◆ **TASK DESCRIPTION**
In the records below, find the line that contains "八神選手は「デビューしてから" and the line that contains "1年生が使う教室をきれいに飾". Set down exactly those lines and every line between them, and nothing more.

◆ **DATA FOR ANALYSIS**
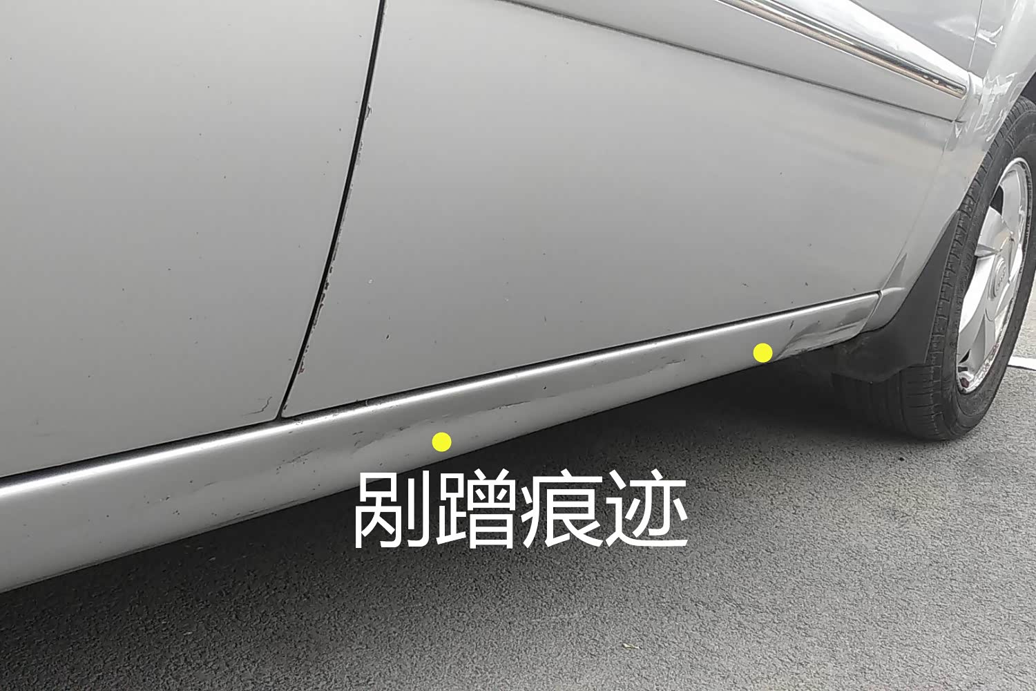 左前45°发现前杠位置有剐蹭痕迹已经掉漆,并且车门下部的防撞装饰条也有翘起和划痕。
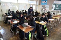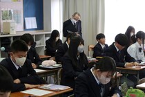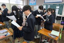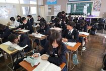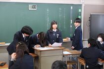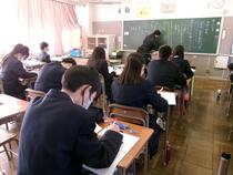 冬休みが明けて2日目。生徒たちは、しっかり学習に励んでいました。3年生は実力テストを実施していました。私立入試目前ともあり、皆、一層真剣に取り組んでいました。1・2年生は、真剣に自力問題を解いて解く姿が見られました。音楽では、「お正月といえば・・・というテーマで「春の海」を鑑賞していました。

---

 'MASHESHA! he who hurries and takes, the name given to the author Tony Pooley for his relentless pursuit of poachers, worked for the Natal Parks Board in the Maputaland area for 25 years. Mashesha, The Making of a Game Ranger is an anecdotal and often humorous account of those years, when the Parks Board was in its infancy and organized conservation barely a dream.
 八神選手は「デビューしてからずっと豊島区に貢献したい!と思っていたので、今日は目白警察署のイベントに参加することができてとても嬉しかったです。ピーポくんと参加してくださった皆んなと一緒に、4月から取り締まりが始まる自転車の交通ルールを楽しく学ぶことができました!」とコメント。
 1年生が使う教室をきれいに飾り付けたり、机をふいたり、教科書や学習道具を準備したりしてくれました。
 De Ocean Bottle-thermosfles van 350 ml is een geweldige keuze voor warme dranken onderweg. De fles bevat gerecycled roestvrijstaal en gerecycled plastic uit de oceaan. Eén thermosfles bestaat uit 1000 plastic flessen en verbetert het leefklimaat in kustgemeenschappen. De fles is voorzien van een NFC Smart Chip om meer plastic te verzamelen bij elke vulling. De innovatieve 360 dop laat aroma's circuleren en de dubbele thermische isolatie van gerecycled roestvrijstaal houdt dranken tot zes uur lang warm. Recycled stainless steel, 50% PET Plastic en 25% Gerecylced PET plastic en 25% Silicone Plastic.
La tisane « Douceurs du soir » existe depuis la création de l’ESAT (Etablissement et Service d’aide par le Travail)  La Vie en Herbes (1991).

◆ **SOLUTION TO THIS EXERCISE**
 八神選手は「デビューしてからずっと豊島区に貢献したい!と思っていたので、今日は目白警察署のイベントに参加することができてとても嬉しかったです。ピーポくんと参加してくださった皆んなと一緒に、4月から取り締まりが始まる自転車の交通ルールを楽しく学ぶことができました!」とコメント。
 1年生が使う教室をきれいに飾り付けたり、机をふいたり、教科書や学習道具を準備したりしてくれました。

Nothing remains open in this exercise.